I asked one privacy engineer at a pretty progressive high-tech company, what they do. They said, "If I have to track down data, I write a Jira ticket with all the people I'm going to talk to, and I talk to those people as quickly as I can." I think a lot of this information is still in people's heads, so getting people to put more of this into documentation is a good idea.

Metadata also has been really useful, so this is everything from adding columns to each of your tables - to talk about where the data is coming from, what the permissions are, and making it so that when you join on the tables, the metadata gets propagated, that kind of thing – to, some companies have even started making object-store this metadata, every object store is a metadata inside. Again, if you get into data flow, like information flow kind of things, this starts getting a little bit tricky.

Then finally, there's just starting to be tooling that gives visibility to data flows. I would say we're still at the very beginning of this, so how many of you use APM tools like New Relic, LightStep? Those will give you something like, this is what service talks about service, and this is the superset of all of your possible data interactions. What it won't give you is, if your credit card leaves your service, this is exactly the path it can take. I would say this is something we hope to address and there's also a small set of people working on addressing that problem as well.

The screenshot on the left bottom corner is actually from Lift's cartography tool. They map out between your services, like what credentials are shared and what resources you're sharing between your different AWS-hosted services - I'm not sure actually, go read the documentation. This is a very important part, especially if you have these complex legacy systems of sorting out your data situation.

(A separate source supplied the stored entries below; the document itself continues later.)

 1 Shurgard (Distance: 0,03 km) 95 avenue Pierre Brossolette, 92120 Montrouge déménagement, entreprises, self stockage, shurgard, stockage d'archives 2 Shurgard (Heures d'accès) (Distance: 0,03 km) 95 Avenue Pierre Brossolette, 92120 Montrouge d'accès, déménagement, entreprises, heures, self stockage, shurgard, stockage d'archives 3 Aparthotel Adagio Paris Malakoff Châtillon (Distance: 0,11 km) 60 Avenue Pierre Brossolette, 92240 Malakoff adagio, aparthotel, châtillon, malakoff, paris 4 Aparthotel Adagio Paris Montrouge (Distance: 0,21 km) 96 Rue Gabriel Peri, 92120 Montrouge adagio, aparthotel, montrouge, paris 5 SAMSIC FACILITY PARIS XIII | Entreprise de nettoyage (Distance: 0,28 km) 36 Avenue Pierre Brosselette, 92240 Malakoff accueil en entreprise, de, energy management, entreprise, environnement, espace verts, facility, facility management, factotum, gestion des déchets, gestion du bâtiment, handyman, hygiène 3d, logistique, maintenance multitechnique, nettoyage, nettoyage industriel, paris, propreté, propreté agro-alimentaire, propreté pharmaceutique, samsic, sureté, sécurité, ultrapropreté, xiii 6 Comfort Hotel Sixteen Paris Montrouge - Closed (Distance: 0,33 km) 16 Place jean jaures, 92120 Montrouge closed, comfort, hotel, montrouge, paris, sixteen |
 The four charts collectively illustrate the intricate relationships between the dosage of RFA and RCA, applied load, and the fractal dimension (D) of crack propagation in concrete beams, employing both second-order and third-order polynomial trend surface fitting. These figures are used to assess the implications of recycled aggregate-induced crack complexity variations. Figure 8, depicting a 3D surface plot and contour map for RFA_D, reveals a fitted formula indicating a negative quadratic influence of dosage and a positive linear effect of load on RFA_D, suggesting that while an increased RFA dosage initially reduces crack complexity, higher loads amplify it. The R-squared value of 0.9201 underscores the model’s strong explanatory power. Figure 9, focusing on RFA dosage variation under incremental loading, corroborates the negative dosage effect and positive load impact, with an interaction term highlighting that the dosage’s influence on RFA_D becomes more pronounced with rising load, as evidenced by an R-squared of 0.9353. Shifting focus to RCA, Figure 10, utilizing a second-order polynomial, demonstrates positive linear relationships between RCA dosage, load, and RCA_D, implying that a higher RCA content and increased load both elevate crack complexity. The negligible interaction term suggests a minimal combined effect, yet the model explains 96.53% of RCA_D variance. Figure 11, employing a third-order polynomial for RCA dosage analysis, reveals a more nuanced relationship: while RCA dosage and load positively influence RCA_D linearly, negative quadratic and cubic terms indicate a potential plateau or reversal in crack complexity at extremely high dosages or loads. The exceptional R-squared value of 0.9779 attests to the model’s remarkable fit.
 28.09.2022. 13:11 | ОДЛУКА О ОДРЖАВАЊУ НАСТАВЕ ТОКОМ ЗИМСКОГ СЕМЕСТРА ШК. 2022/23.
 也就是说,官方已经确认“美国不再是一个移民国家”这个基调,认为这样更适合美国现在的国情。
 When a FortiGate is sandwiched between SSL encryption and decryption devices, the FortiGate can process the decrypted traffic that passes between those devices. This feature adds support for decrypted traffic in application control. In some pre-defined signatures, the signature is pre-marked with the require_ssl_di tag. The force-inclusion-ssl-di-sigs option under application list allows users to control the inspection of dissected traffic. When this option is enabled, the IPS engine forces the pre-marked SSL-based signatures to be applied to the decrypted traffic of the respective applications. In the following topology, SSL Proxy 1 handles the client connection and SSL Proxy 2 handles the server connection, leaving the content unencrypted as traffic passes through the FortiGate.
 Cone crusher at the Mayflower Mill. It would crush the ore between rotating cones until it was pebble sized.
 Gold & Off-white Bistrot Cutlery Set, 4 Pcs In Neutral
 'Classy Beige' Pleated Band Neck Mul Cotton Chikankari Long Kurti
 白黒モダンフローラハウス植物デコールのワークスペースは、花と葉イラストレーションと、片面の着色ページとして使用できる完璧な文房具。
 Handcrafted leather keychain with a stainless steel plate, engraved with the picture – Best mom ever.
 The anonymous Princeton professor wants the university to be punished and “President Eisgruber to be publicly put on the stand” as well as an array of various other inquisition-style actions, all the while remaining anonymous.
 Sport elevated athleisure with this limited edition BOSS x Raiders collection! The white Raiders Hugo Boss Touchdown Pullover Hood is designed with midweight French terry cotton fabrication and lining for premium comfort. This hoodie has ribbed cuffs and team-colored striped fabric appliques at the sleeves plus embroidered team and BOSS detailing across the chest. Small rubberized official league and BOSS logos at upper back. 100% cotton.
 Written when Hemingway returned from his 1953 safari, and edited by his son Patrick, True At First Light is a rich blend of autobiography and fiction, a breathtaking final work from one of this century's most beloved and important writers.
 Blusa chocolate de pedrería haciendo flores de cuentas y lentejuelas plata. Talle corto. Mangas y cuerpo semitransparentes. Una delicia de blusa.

This is all great, but what you do with it is still an open question. Then even this leaves gaps, so I would say it's really important not just to build guardrails, but also install safety nets. I asked around, and it seems that one of the most tried and true ways of not leaking passwords is just to use sentinel values. In your tests put in passwords that you know how to recognize. For any sensitive data, put in stuff that you know how to recognize. Put that into your system, see where it ends up. I think someone who was the head of privacy at a very large company said that to this day, this was one of the techniques that they still use because it beats pretty much most other techniques for certain kinds of leaks.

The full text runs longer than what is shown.